El Gulag anónimo de China

Con una honestidad poco usual, el gobierno de China publicó hace poco estadísticas sobre las personas arrestadas y enjuiciadas por poner en peligro la seguridad del Estado, el delito político más grave del código penal. El procurador de mayor rango del país, Han Zhubin, reveló que más de 3,400 personas fueron arrestadas entre 1998 y 2002 por delitos como la subversión, instigación a la subversión, espionaje y tráfico de secretos de Estado.

Los arestos y los juicios por poner en riesgo la seguridad del Estado han aumentado sensiblemente desde el 11 de septiembre de 2001. En el periodo de dos años que terminó el 31 de diciembre de 2002, más de 1,600 personas fueron enjuiciadas bajo ese cargo, la mayoría de ellas después de los ataques terroristas en contra de los EU. Muchos de los arrestados provienen de Xinjiang, una región autónoma del noroeste del país con una población musulmana numerosa e inquieta.
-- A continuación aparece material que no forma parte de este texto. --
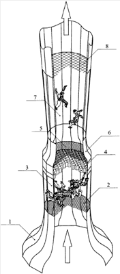 Аэродинамическая труба работает следующим образом. Вентиляторная установка (на чертеже не показана), создает перепад давления, под действием которого воздух в контуре трубы движется снизу вверх. Во входном конфузоре 1 происходит ускорение воздуха и выравнивание поля скоростей. В первой рабочей зоне 3 происходит подготовка парашютистов, которые занимаются групповой акробатикой, или первоначальной подготовкой. При этом нарушается равномерность поля скоростей потока, тела парашютистов создают спутный след, а их перемещения приводят к скосам и закручиванию потока. В хонейкомбе 4 происходит уменьшение масштаба турбулентности, закручивания и скоса потока. На промежуточной предохранительной сетке 5 происходит частичное выравнивание поля скоростей. В промежуточном конфузоре 6 также происходит ускорение и частичное выравнивание поля скоростей. Кроме того, на отрезке между рабочими сечениями первой и второй рабочих зон происходит естественное выравнивание поля скоростей за счет вязкости воздуха и турбулентного обмена. Во второй рабочей зоне 7 происходит подготовка парашютистов, которые занимаются артистическими видами парашютного спорта. Кроме того, поскольку вторая рабочая зона является диффузором, в ней происходит торможение потока и частичное восстановление полного давления, после чего воздух либо выбрасывается в атмосферу (в случае, если аэродинамическая труба имеет открытый контур), либо поступает в обратный канал и возвращается во входной конфузор 1 (в случае, если аэродинамическая труба имеет замкнутый контур). В случае внезапного отключения привода парашютисты, которые работают в первой рабочей зоне, опускаются на входную предохранительную сетку, а парашютисты, которые работают во второй рабочей зоне, на промежуточную предохранительную сетку.
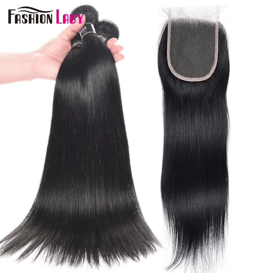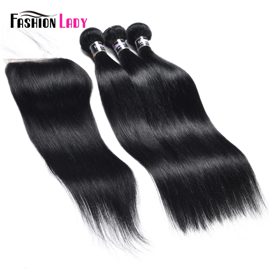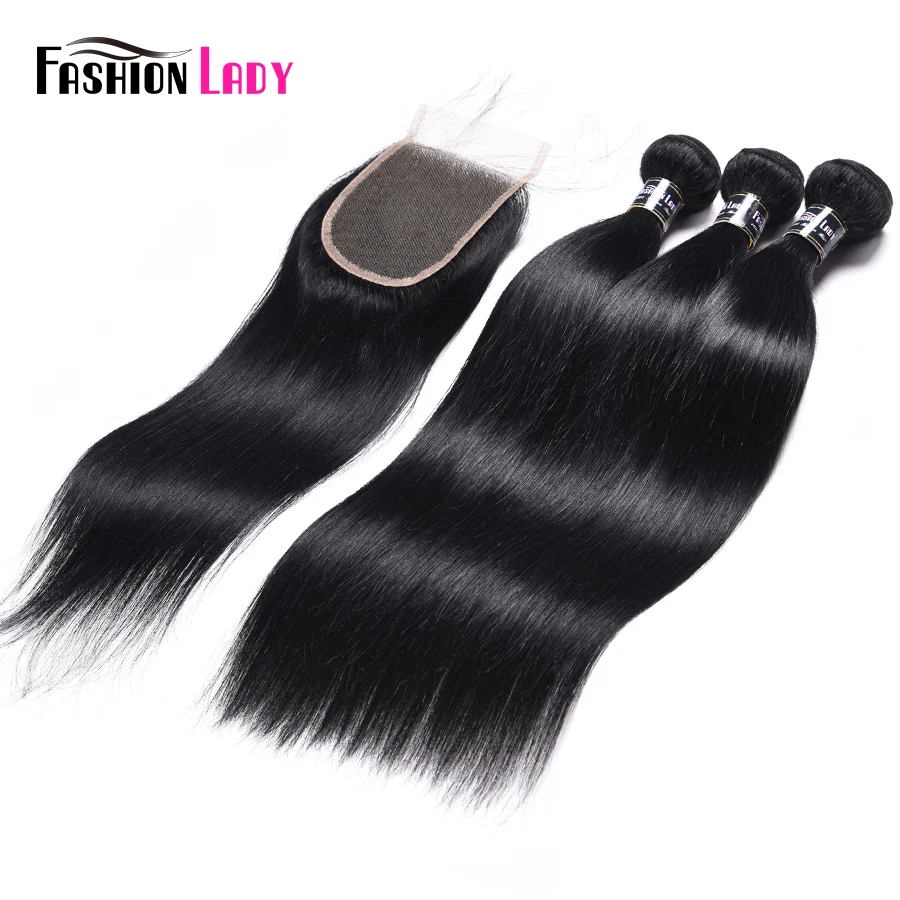 Модные женские предварительно окрашенные черные пряди с закрытием, 3 шт. с закрытием, бразильские прямые человеческие волосы без Реми
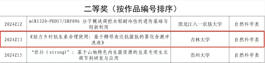 研究生科研办主任李赫老师和研究生科研办张茜老师带队、韩文瑜教授和冯新教授指导的研究生团队(曹原、张涵、刘月、柴晓东、杜晓莹、王秋霖)申报的《助力乡村抗生素合理使用——基于酵母表达抗菌肽的雾化含漱冲洗液》项目在此次竞赛中斩获自然科学组二等奖,为包你发
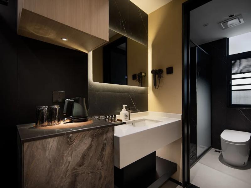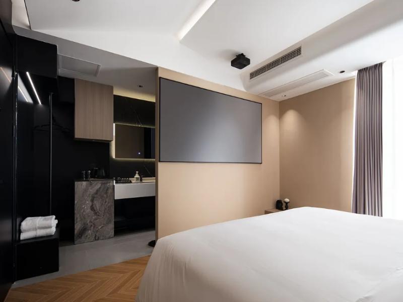 卫浴区采用干湿分离设计,天然大理石与黑色金属材质碰撞,搭配智能马桶、壁挂式吹风机等高端配置,细节处彰显品质。同时,每间客房均配备巨幕投影,让客人窝在柔软床品中,既能赏山景,也能享影音体验,满足度假的多元需求。
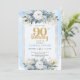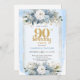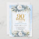 Elegant Dusty Blue Gold 90th Birthday Party Invite
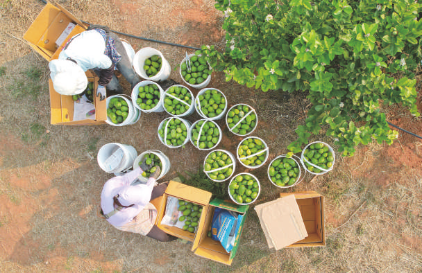 3月31日,果农在瑞丽瑞垦巍小檬户兰香水柠檬高标准种植示范基地打包刚采摘的柠檬。

El gobierno de China ha utilizado la guerra contra el terrorismo para actuar en contra de aquéllos que buscan una mayor autonomía, incluyendo a los que lo hacen por medios pacíficos. Entre ellos hay personas como Rebiya Kadeer, una empresaria encarcelada por enviar artículos periodísticos a su esposo en los EU; Tohti Tunyaz, estudiante de doctorado en Japón, acusado de publicar "documentos sensibles"; y Tursunjan Amat, un poeta que recitó una composición en pro de la independencia en una asamblea pública en Urumqi.